The ultraviolet irradiation intensity is usually 10 to 3,000 mW/cm ² . The intensity of ultraviolet irradiation is preferably an intensity within a wavelength range effective for activation of the polymerization initiator. The time for irradiating light is usually 0.1 second to 10 minutes, preferably 1 second to 5 minutes, more preferably 5 seconds to 3 minutes, and still more preferably 10 seconds to 1 minute. If the ultraviolet radiation is irradiated once or multiple times at such an intensity of ultraviolet radiation, the cumulative light intensity is 10-3,000 mJ/cm ² , preferably 50-2,000 mJ/cm ² , more preferably 100-1,000 mJ/cm ² .

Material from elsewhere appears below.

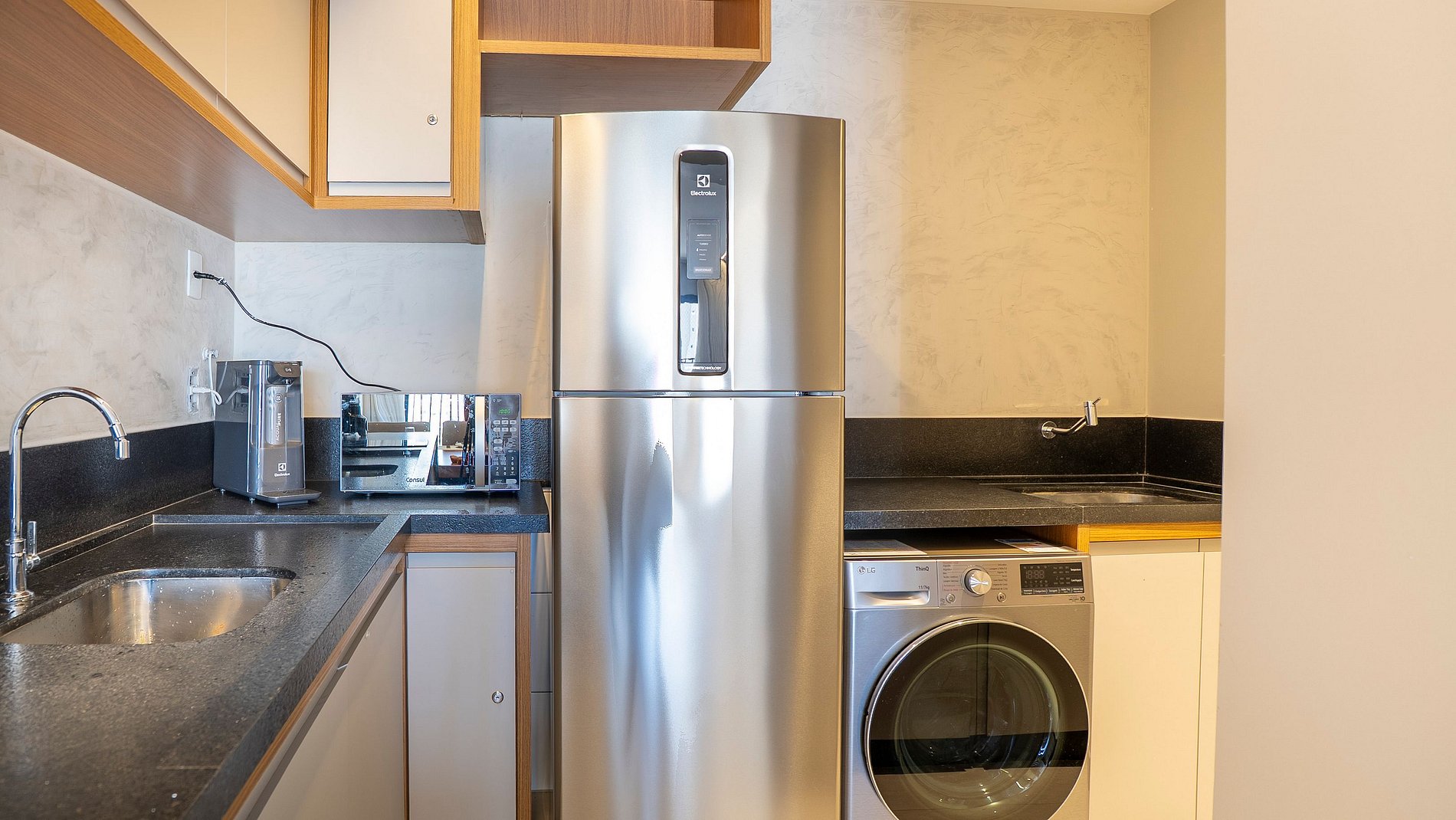 Possui os itens básicos (microondas, panelas, talheres, kit mesa posta, geladeira, roupa de cama, amenities, toalhas, etc )

The thickness of the polarizing element including the substrate, the alignment film, and the polarizing film (preferably the polarizing element composed of the substrate, the alignment film, and the polarizing film) can be appropriately determined according to the purpose of the optical laminate incorporating the polarizing element, etc., However, it is preferably at least 1 μm, more preferably at least 2 μm, and more preferably at most 10 μm, more preferably at most 9 μm. If the thickness of the polarizing element is within the above-mentioned range, ultra-thinning can also be easily handled. The thickness of the polarizing element can be measured using an interference film thickness meter, a laser microscope, or a probe contact film thickness meter.

A photoalignment film with desired alignment confining force can be produced from the composition for forming a photoalignment film of the present invention. Therefore, the composition for forming a photoalignment film of the present invention can be used to align various liquid crystal compounds in a desired direction. Therefore, for example, a retardation film obtained by polymerizing a polymerizable liquid crystal compound may be formed on a photoalignment film formed from the composition for forming a photoalignment film of the present invention instead of the polarizing film. [Example]

Hereinafter, although this invention is demonstrated further concretely based on an Example and a comparative example, this invention is not limited to a following example. "%" and "parts" in the examples mean % by mass and parts by mass, respectively, unless otherwise specified.

(1) Preparation of composition for forming photo-alignment film Synthesis example 1: Synthesis of photo-alignment polymer 1 Photo-alignment polymer 1 includes the following structural units. [Photoalignment Polymer 1] [Chemical 7]

[Synthesis scheme of photoalignment polymer 1] [Chem. 8]

[Synthesis of compound (a1-1-1)] 50 g (258 mmol) of ferulic acid were dissolved in 360 g of methanol. 10 g of sulfuric acid was added to the obtained solution at room temperature, and after heating up until the solvent refluxed, it was made to react under reflux for 2 hours. After cooling the obtained reaction solution, 150 g of ice and 150 g of water were added. The supernatant liquid was removed by decantation, and 150 g of 5 degreeC water was added and crystallized. The obtained white crystals were filtered. Furthermore, the white crystal obtained by filtration was washed with 1 M sodium bicarbonate aqueous solution and water, and vacuum-dried to obtain 22.2 g of compound (a1-1-1). The yield was 83% based on ferulic acid.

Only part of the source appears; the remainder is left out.